[Supplied data — start]

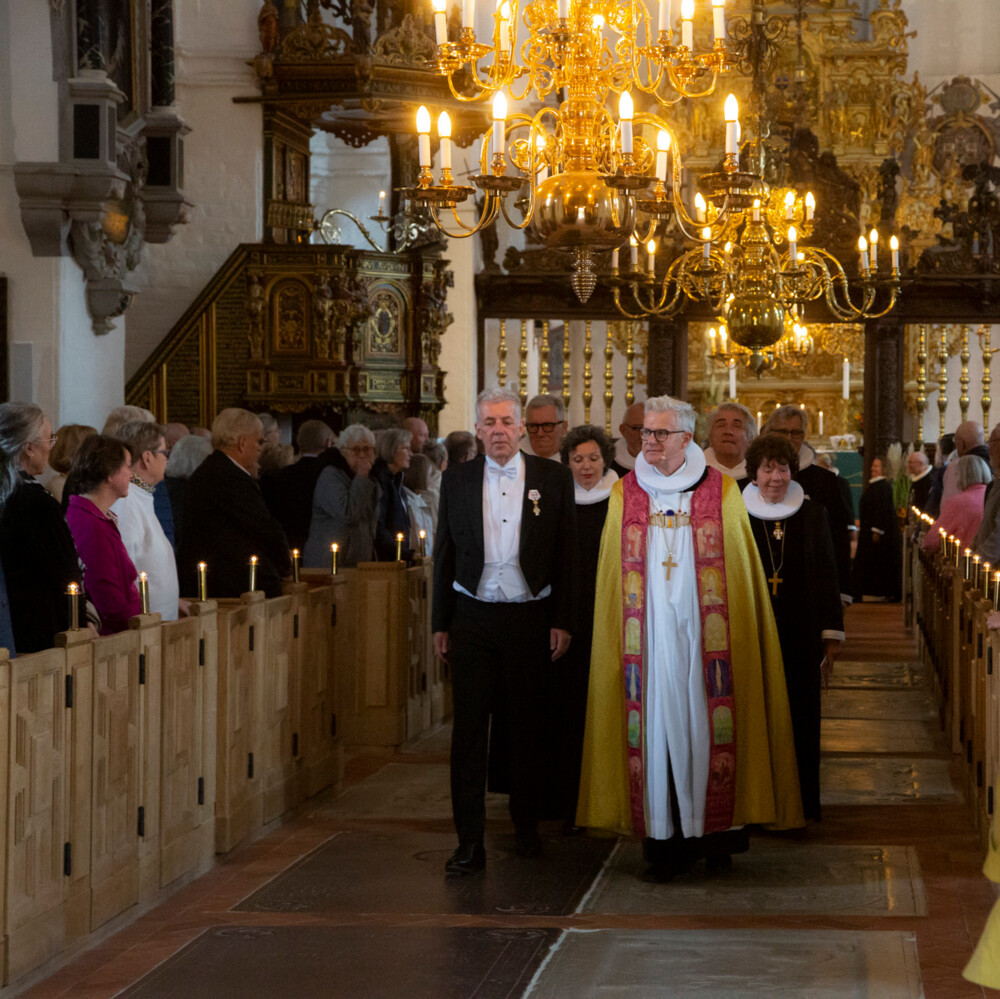 Biskop Peter Birch og stiftsamtmand Henrik Horster førte an i præsternes procession. Foto: Sille Arendt.
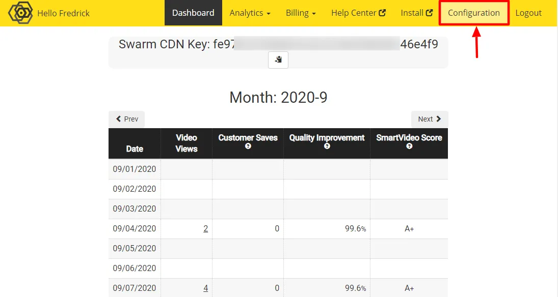 登录到您的 Swarmify 仪表板,然后单击配置,如下所示。
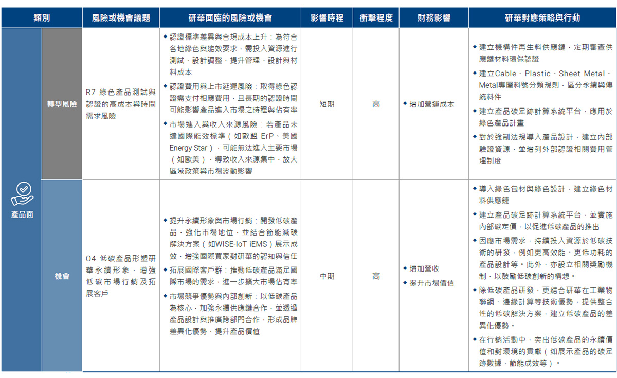 - 應用最新 IPCC 評估報告,重新調整氣候情境及新增自然風險與機會評估,對外揭露 2024 研華氣候與自然相關財務揭露報告書

[Supplied data — finish]

What to work on: Skip the images and write out the rest of the listing exactly.

Answer:
 Biskop Peter Birch og stiftsamtmand Henrik Horster førte an i præsternes procession. Foto: Sille Arendt.
 登录到您的 Swarmify 仪表板,然后单击配置,如下所示。
 - 應用最新 IPCC 評估報告,重新調整氣候情境及新增自然風險與機會評估,對外揭露 2024 研華氣候與自然相關財務揭露報告書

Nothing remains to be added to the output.